Civic Self-Portrait

Teaching during the 2020 Election?

This resource is part of our Election 2020 collection, designed to help you teach about voting rights, media literacy, and civic participation, in remote and in-person settings.

View all Election 2020 Resources

This activity was originally published as part of our resource From Reflection to Action: A Choosing to Participate Toolkit.

How do we help young people develop a sense of civic agency—the capacity to act purposefully and collaboratively to make a difference? This Civic Self-Portrait activity and the accompanying handout help students explore what it means to “choose to participate” and to visualize the different elements of being a civic agent.


  1. Reflect on What Civic Participation Means

    Ask your students to reflect on one or more of the following prompts in their journals:

    • Think about an upstander or civic actor you have learned about in class. What lessons can you learn by looking at their choices and actions? How can you apply these lessons to your own choices?
    • How do you want to participate in your community and beyond?
    • What strengths, talents, and passions do you have that help you think about how you might engage with the world?

    When students have finished journaling, invite some of them to share their ideas with the class.

    Remote Learning Note: Students can complete their journal entries asynchronously. Then, ask students to share some of their key ideas in a class discussion forum or during your next synchronous session.

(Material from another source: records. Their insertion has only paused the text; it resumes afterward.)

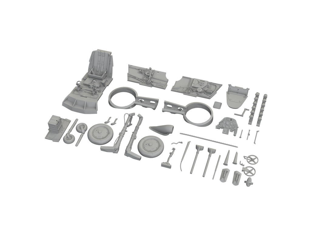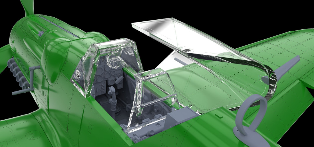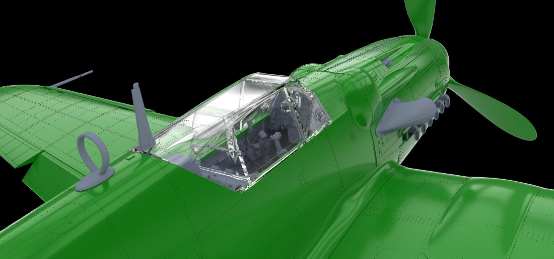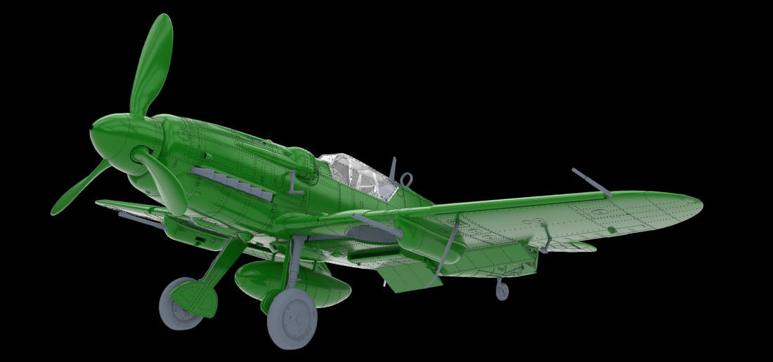 Plastiková stavebnice československého jednomotorového stíhacího letounu Avia S-199 se starším odklopným překrytem kokpitu typu ERLA. Edice HYBRiD v měřítku 1:48.
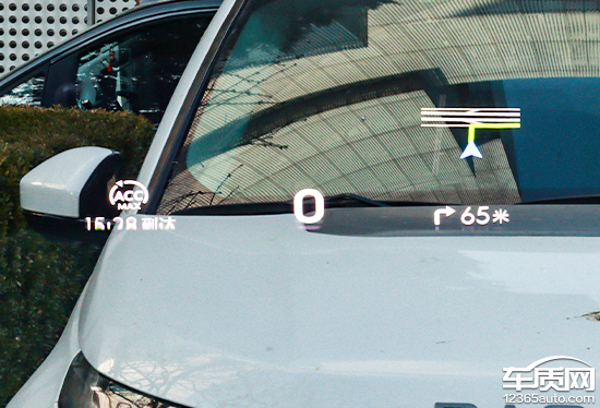评测车配备50英寸AR-HUD增强现实抬头显示,提供AR视图、媒体视图以及简洁视图3种选择,支持15组驾驶数据融合。系统内提供抬头显示调节页面,开启后,包括常规的高度、亮度以及角度,都可以通过方向盘右侧的按键进行调节。
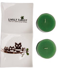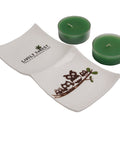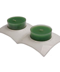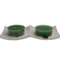 Green Tealight Candle Set by BiggHome Produced from natural substances, this exclusive design candle set is perfect for everyday use, wedding, events, aromatherapy, spa, meditation, and bathroom setting. It's perfect for use when you get home after a busy day and try to relax, or when you want to create a romantic environment with your beloved ones. The candle set includes 2 odorless candles and 1 ceramic candle holder. Although the candles are used up after a while, the candle holder can be used for a long time. Contents: 1 ceramic candle holder, 2 pcs candle.
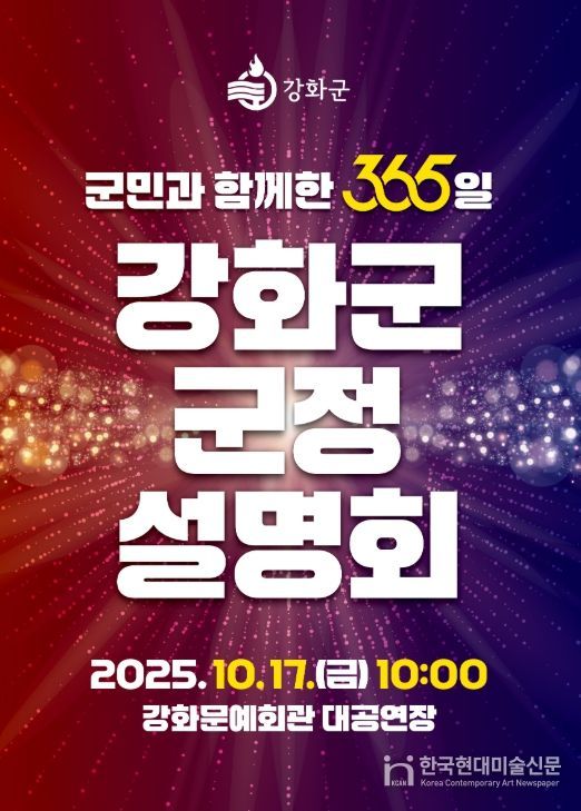 한국현대미술신문 박재남 기자 | 강화군은 오는 10월 17일 오전 10시 강화문예회관에서 “군민과 함께한 365일, 강화군 군정 설명회”를 개최한다.

  2. Students Create Civic Self-Portraits

    Either project the Civic Self-Portrait handout or distribute a copy of the handout to each student. Students can record their ideas directly on the handout in the spaces provided, or they can construct their portrait on a separate piece of paper, using symbols, images, and color in addition to their written responses.

    In order to help students begin the project, and to build class community around the idea of embracing our roles as civic participants, you might consider modeling the activity by beginning your own civic self-portrait on the board or a flip chart.

    Remote Learning Note: Students can type their responses directly in the Civic Self-Portrait handout (available as a Google Doc or PDF), or they can create their portrait on a piece of paper or in a separate document on their computer. If students create a physical Civic Self-Portrait, ask them to take a picture to share with you and their classmates.

  3. Debrief

    Students can share their Civic Self-Portraits in pairs, small groups, or in a Gallery Walk. If you are completing this activity at the beginning of a Choosing to Participate activity or civic action project, you may want to have students revisit their self-portraits at the end of the project or activity to see if they want to change anything as a result of their experiences.

    Remote Learning Note: Students can share their civic self-portraits either with the full class or with small groups in an online discussion forum. Students can leave written or recorded responses on their classmates’ civic self-portraits.